* **TASK**: Go to the line containing "kag-53253 セミシングルベッド 一人" below; retype it and all following lines exactly, and leave out the pictures.

* **DATA SECTION**:
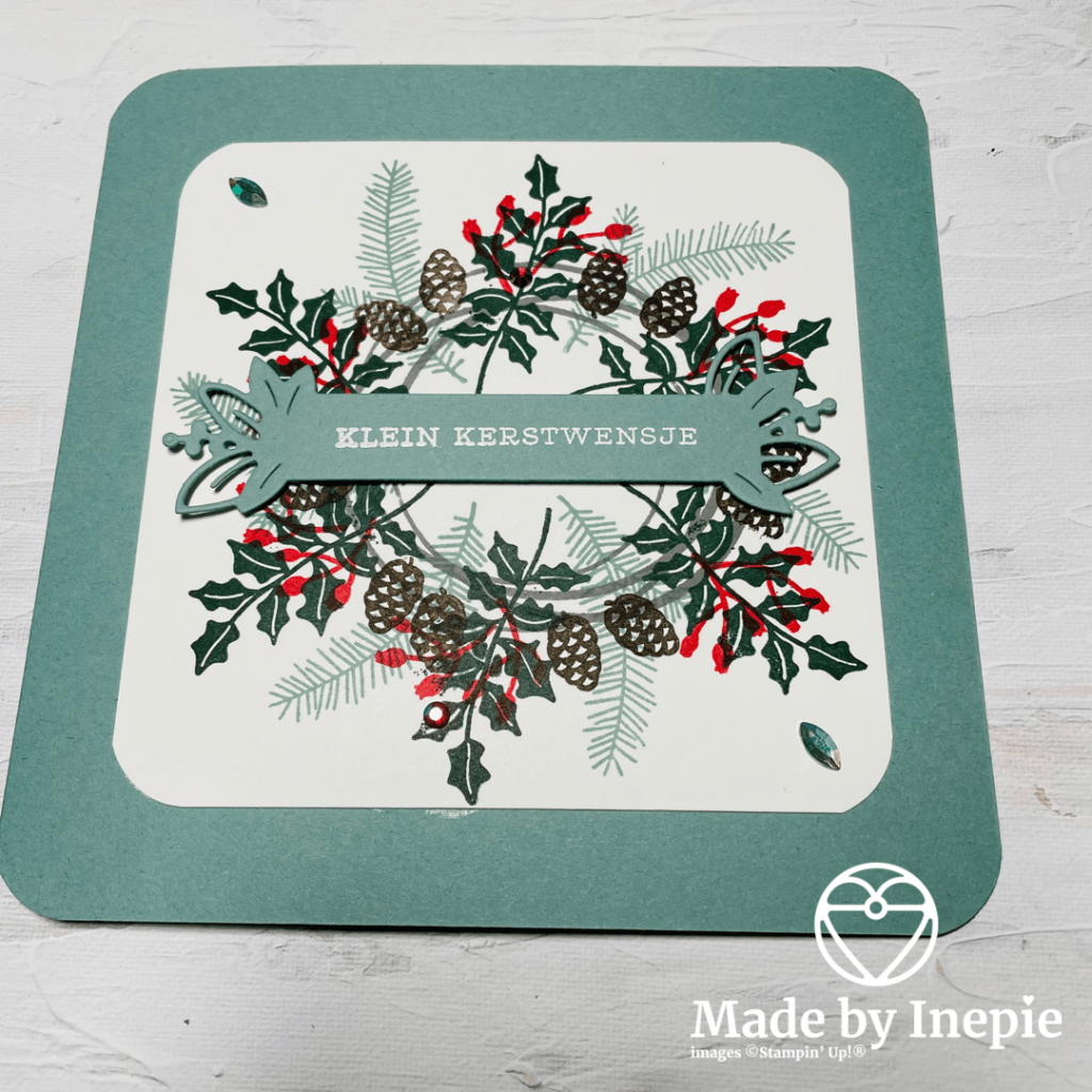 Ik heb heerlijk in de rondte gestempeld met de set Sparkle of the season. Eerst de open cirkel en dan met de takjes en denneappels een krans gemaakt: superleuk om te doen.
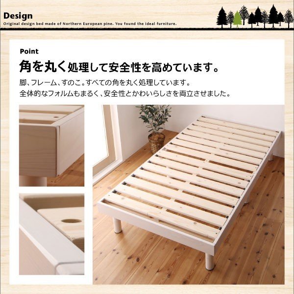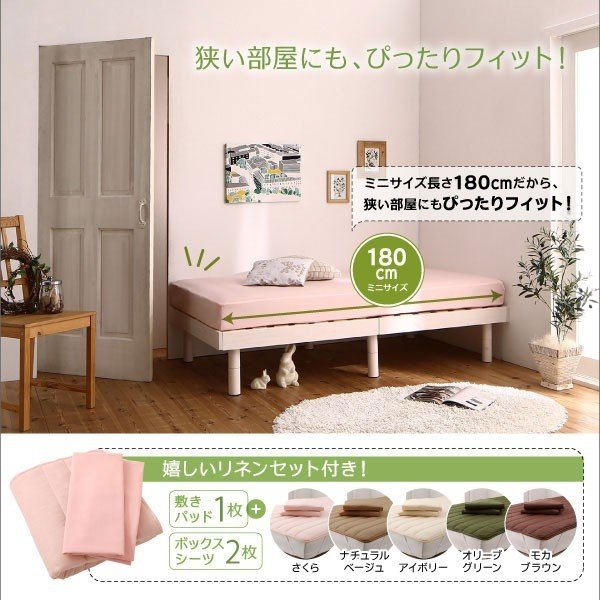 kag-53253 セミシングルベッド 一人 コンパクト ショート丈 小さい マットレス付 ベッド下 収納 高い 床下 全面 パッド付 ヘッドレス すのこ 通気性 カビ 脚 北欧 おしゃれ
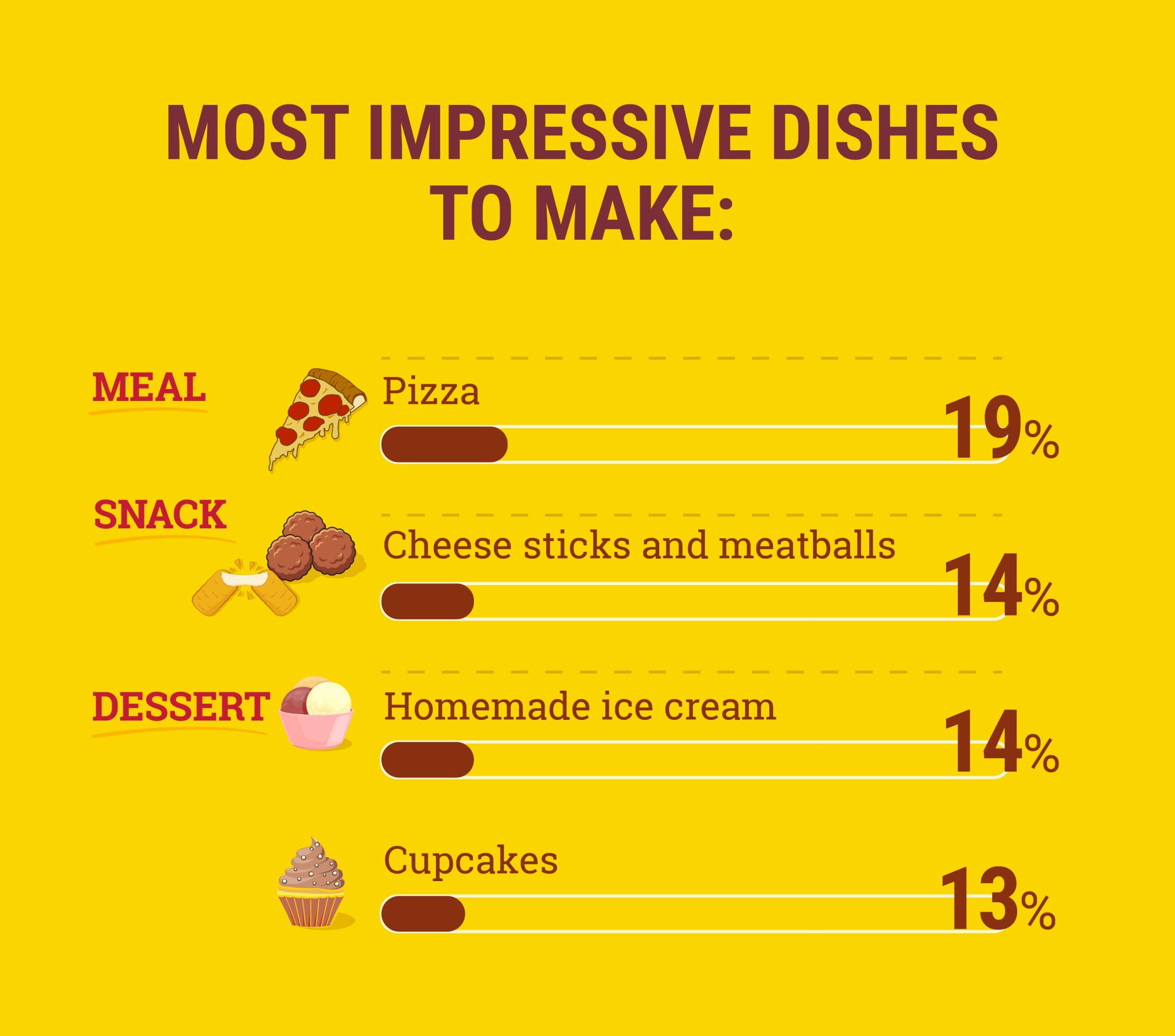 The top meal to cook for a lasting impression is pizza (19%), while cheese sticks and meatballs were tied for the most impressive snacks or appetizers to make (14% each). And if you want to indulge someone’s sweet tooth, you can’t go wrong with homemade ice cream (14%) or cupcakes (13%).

* **RESULT BELOW**:
 kag-53253 セミシングルベッド 一人 コンパクト ショート丈 小さい マットレス付 ベッド下 収納 高い 床下 全面 パッド付 ヘッドレス すのこ 通気性 カビ 脚 北欧 おしゃれ
 The top meal to cook for a lasting impression is pizza (19%), while cheese sticks and meatballs were tied for the most impressive snacks or appetizers to make (14% each). And if you want to indulge someone’s sweet tooth, you can’t go wrong with homemade ice cream (14%) or cupcakes (13%).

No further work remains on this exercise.